Change the probability value (p in the NumPy documentation) for pop1 to 0.3, then take new samples and compute the t-statistic and p-value. Then change the probability value p for group 1 to 0.4, and do it again. What changes, and why?

In [18]:
pop1 = np.random.binomial(10, 0.3, 10000)
sample1 = np.random.choice(pop1, 100, replace=True)
print("Sample mean: ", sample1.mean())
print("Sample standard deviation: ", sample1.std())

sample2 = np.random.choice(pop1, 100, replace=True)
print("Sample 2 mean: ", sample2.mean())
print("Sample 2 standard deviation: ", sample2.std())

diff=sample2.mean( )-sample1.mean()
size = np.array([len(sample1), len(sample2)])
sd = np.array([sample1.std(), sample2.std()])
diff_se = (sum(sd ** 2 / size)) ** 0.5  
print("t-value: ",diff/diff_se)

from scipy.stats import ttest_ind
print(ttest_ind(sample2, sample1, equal_var=False))

Sample mean:  3.09
Sample standard deviation:  1.3863260799682016
Sample 2 mean:  2.97
Sample 2 standard deviation:  1.431467778191322
t-value:  -0.6021868984708987
Ttest_indResult(statistic=-0.599168398768744, pvalue=0.5497462357534663)


In [19]:
pop1 = np.random.binomial(10, 0.4, 10000)
sample1 = np.random.choice(pop1, 100, replace=True)
print("Sample Pop 1 mean: ", sample1.mean())
print("Sample Pop 1 standard deviation: ", sample1.std())

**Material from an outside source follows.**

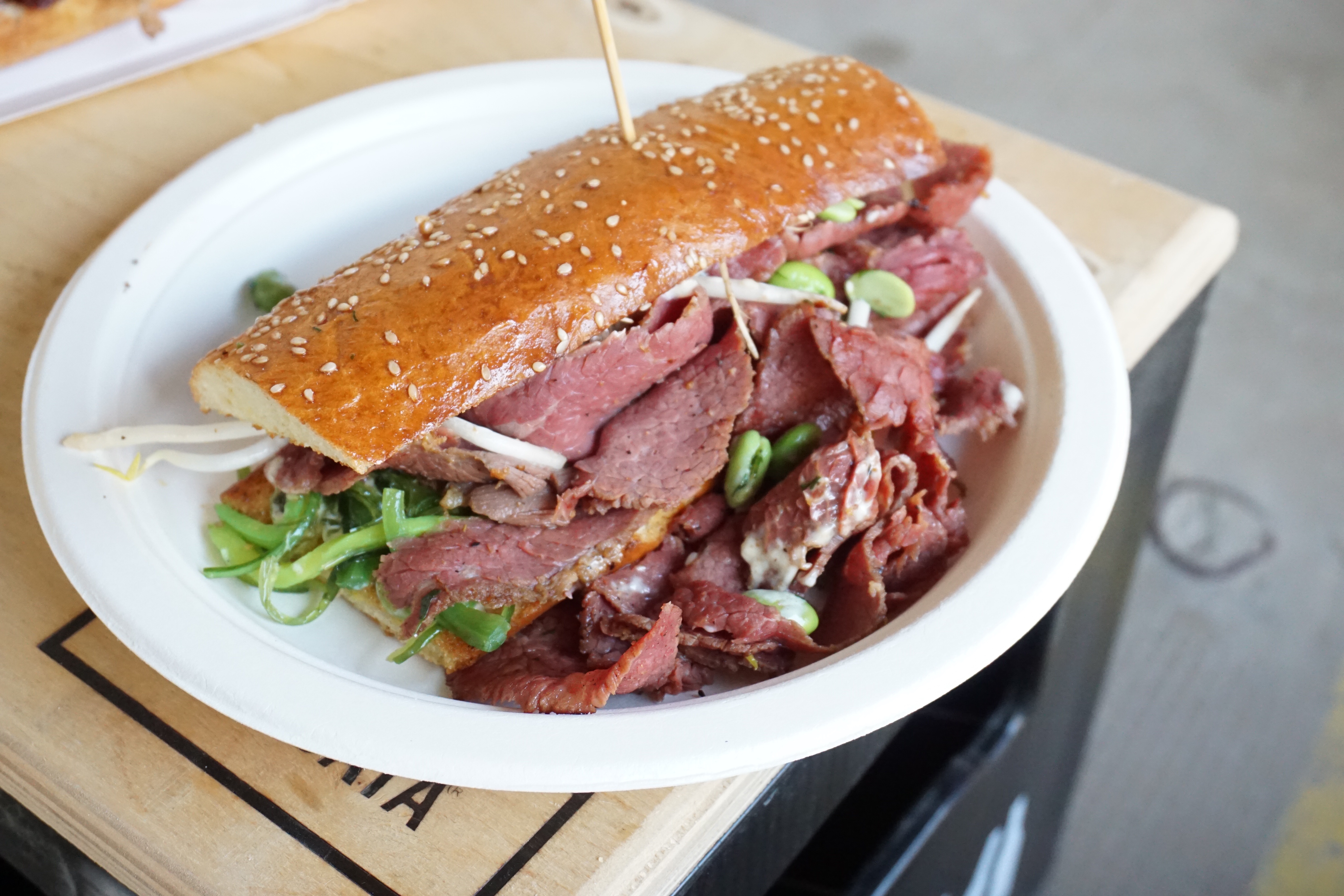 Plastrami przygotowało swoje pastrami w azjatyckiej oprawie, bo właśnie azjatyckie klimaty był tematem przewodnim tych Gastro Nocek. Kompozycja z wakame, edamame, kiełkami i dressingiem na bazie ogórka. Całość wyglądała apetycznie, płaska bułka została wypełniona sporą ilością mięsa, a także zaskakująco nieźle pasującymi dodatkami, choć Azja i pastrami wcale nie znajdują się na jednym kulinarnym biegunie. Śmiało mogę powiedzieć, że to najlepsza z trzech wspomnianych w tekście pozycji. Plastrami wygrało rywalizację jakością mięsa, choć i w tym wypadku mam pewne uwagi. Wydaje mi się, że mięso mogłoby być grubiej skrojone, co pozwoliłoby lepiej wyczuć jest strukturę. Raczej nie zrobiło mu dobrze dość długi czas, jaki spędziło na grillu przed podaniem, przez co na pewno trochę wyschło, choć i tak było przyjemnie soczyste, a przede wszystkim w końcu dało się wyczuć pełnię smaku, jaką oferuje wołowina i zestaw przypraw.

sample2 = np.random.choice(pop1, 100, replace=True)
print("Sample 2 mean: ", sample2.mean())
print("Sample 2 standard deviation: ", sample2.std())

diff=sample2.mean( )-sample1.mean()
size = np.array([len(sample1), len(sample2)])
sd = np.array([sample1.std(), sample2.std()])
diff_se = (sum(sd ** 2 / size)) ** 0.5  
print("t-value: ",diff/diff_se)

from scipy.stats import ttest_ind
print(ttest_ind(sample2, sample1, equal_var=False))

Sample Pop 1 mean:  3.97
Sample Pop 1 standard deviation:  1.5326773959317077
Sample 2 mean:  4.05
Sample 2 standard deviation:  1.55161206491829
t-value:  0.3668104259367122
Ttest_indResult(statistic=0.364971765606757, pvalue=0.715522079823731)


The mean and standard deviation from the first group, with p-value 0.3, differ less from each other each time a random sample is drawn. According to Central Limit Theorem this means the changes in In comparison, the second group has a p-value of 0.4, and each time samples are drawn, the mean and standard deviations differ more.

Change the distribution of your populations from binomial to a distribution of your choice. Do the sample mean values still accurately represent the population values?